SDCERS filed a demurrer to each of the causes of action in Krolikowski's first amended complaint. The trial court overruled the demurrer to the declaratory relief and writ of mandate causes of action. However, it sustained the demurrer to the breach of fiduciary duty and conversion causes of action. In explaining its ruling sustaining the demurrer to those causes of action, the trial court stated that "SDCERS had an obligation to comply with the law and correct errors in benefit payments.... The exercise of attempting to correct an error in benefit payments cannot subject defendant to tort liability." SDCERS also had demurred to the breach of fiduciary duty and conversion causes of action on the ground that SDCERS was protected by immunity for tort liability for its employees' discretionary acts. However, the trial court did not rule on that ground for the demurrer.

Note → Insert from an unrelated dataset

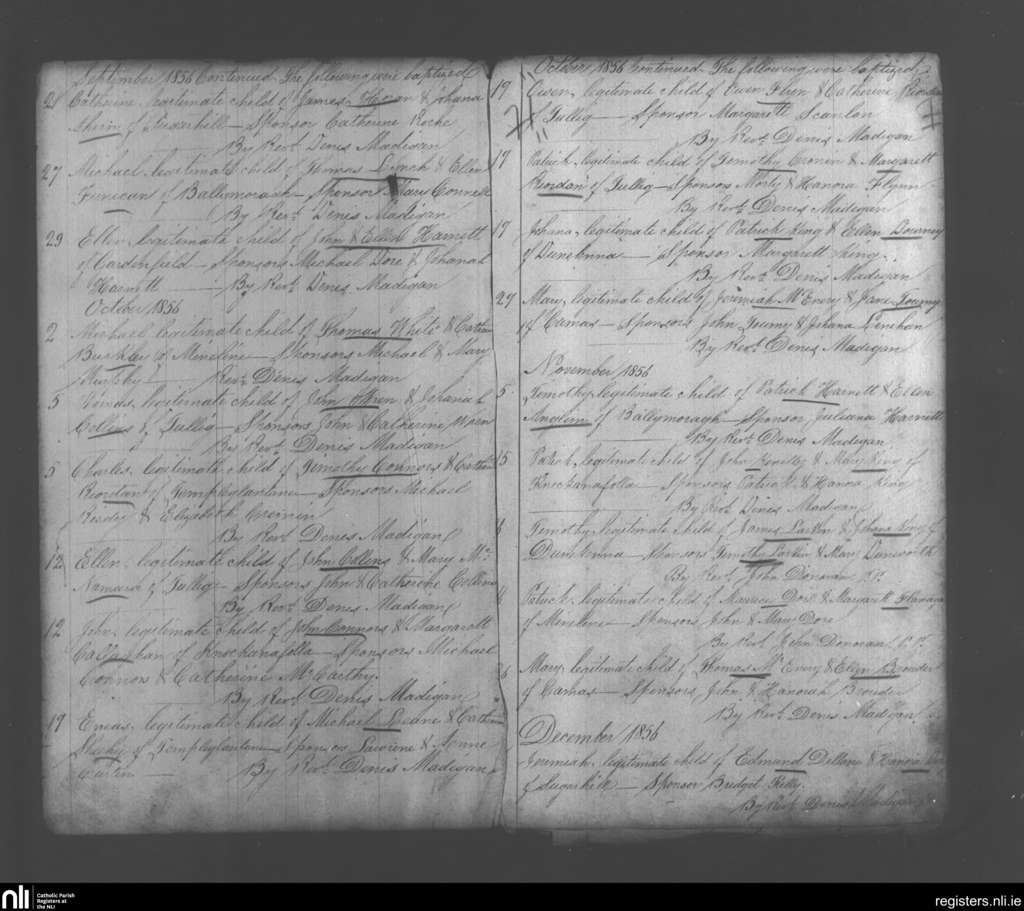 Monagea; County of Limerick; Diocese of Limerick. Baptisms, Sep. 1856 to Dec. 1856

Because of the similarity of the Krolikowski and Van Putten complaints, the parties stipulated that the trial court's ruling on the demurrer to Krolikowski's complaint "shall be applicable to" Van Putten's case, and the parties reserved all rights to appeal in Van Putten's case as if the trial court had made the demurrer ruling in that case as well.

The trial court later granted a motion to consolidate the Krolikowski and Van Putten cases, and it then considered cross-motions for summary judgment that were filed in the consolidated actions.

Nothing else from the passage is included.